Correspondance de Voltaire/1745/Lettre 1741

Correspondance de Voltaire/1745
Correspondance : année 1745GarnierŒuvres complètes de Voltaire, tome 36 (p. 376).
1741. — À M. LE DUC DE RICHELIEU.
Le 20 juin.

Voici un petit morceau dans lequel il y a d’assez bonnes choses. Il y a surtout un vers admirable :


Un roi plus craint que Charle et plus aimé qu’Henri[1].

Vous devriez bien, monseigneur, mettre le doigt là-dessus à notre adorable monarque. De héros à héros il n’y a que la main.

Voici une mauvaise plaisanterie que j’ai envoyée au vainqueur de Friedberg[2]. Je ne traite pas le roi de Prusse si sérieusement que le roi mon maître.


Lorsque deux rois s’entendent bien[3],
Que chacun d’eux, etc.

On peut, je crois, égayer Sa Majesté de ces balivernes, qui ne courront point.

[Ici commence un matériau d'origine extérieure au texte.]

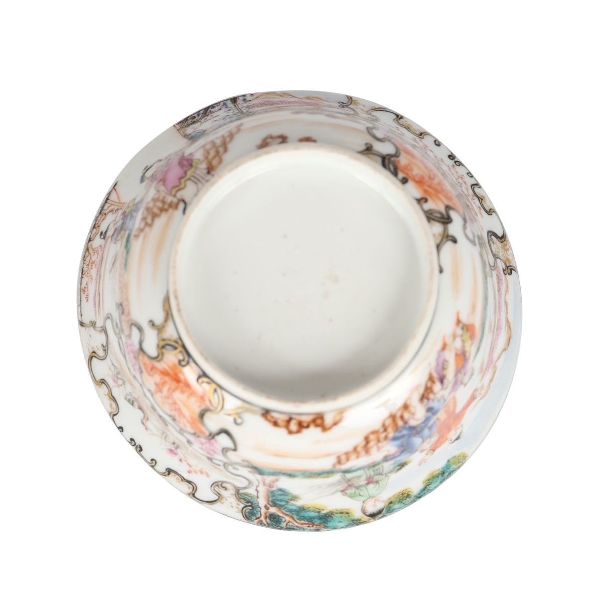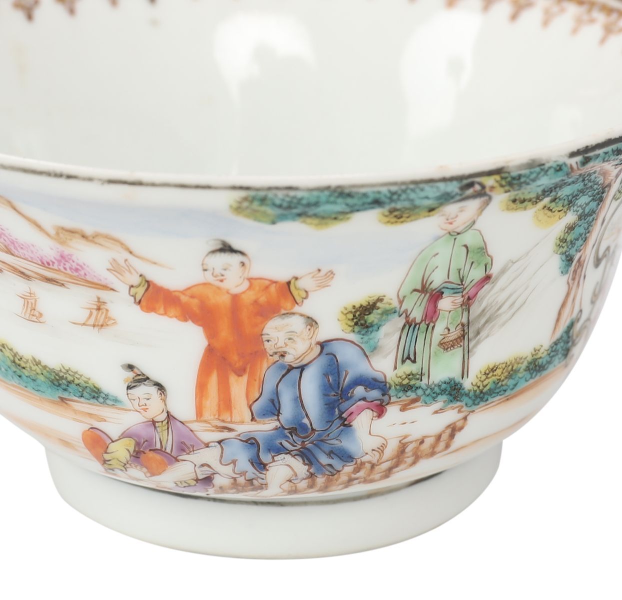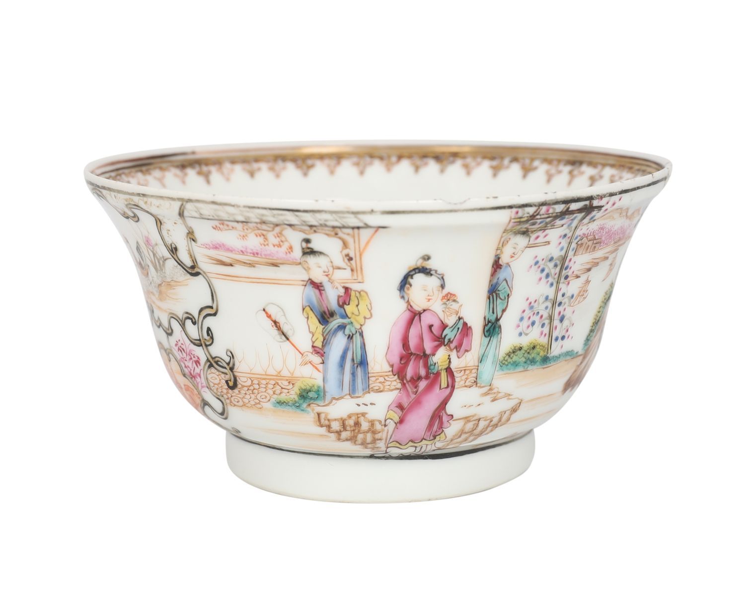 Finely enamelled Chinese porcelain bowl of flared form, the exterior painted in famille rose enamels with continuous figural scenes depicting courtly figures in garden landscapes, alternating with gilt-scroll cartouches enclosing birds and flowers. The interior rim with gilt foliate border, centred by a floral medallion in puce enamel.

J’eus l’honneur de vous envoyer hier de nouveaux essais de la fête[4] ; mais il y en a bien d’autres sur le métier. Il ne s’agit que de voir avec Rameau ce qui conviendra le plus aux fantaisies de son génie. Je serai son esclave pour vous faire voir que je suis le vôtre ; mais, en vérité, vous devriez bien mander à Mme de Pompadour autre chose de moi que ces beaux mots : Je ne suis pas trop content de son acte. J’aimerais bien mieux qu’elle sût par vous combien ses bontés me pénètrent de reconnaissance, et à quel point je vous fais son éloge ; car je vous parle d’elle comme je lui parle de vous, et, en vérité, je lui suis très-tendrement attaché, et je crois devoir compter sur sa bienveillance autant que personne. Quand mes sentiments pour elle lui seraient revenus par vous, y aurait-il eu si grand mal ? Ignorez-vous le prix de ce que vous dites et de ce que vous écrivez ? Adieu, monseigneur, mon cœur est à vous pour jamais.

Il n’y a qu’une voix sur la beauté et la grandeur du sujet, et je ne sais rien de si convenable et de si heureux.

  1. C’est le huitième vers des stances dont il est question dans la note 1 de la page 361.
  2. Frédéric avait gagné la bataille de Friedberg le 4 juin.
  3. Voyez, tome X, l’épitre qui commence par ces vers.
  4. Le Temple de la Gloire ; voyez tome IV, page 348.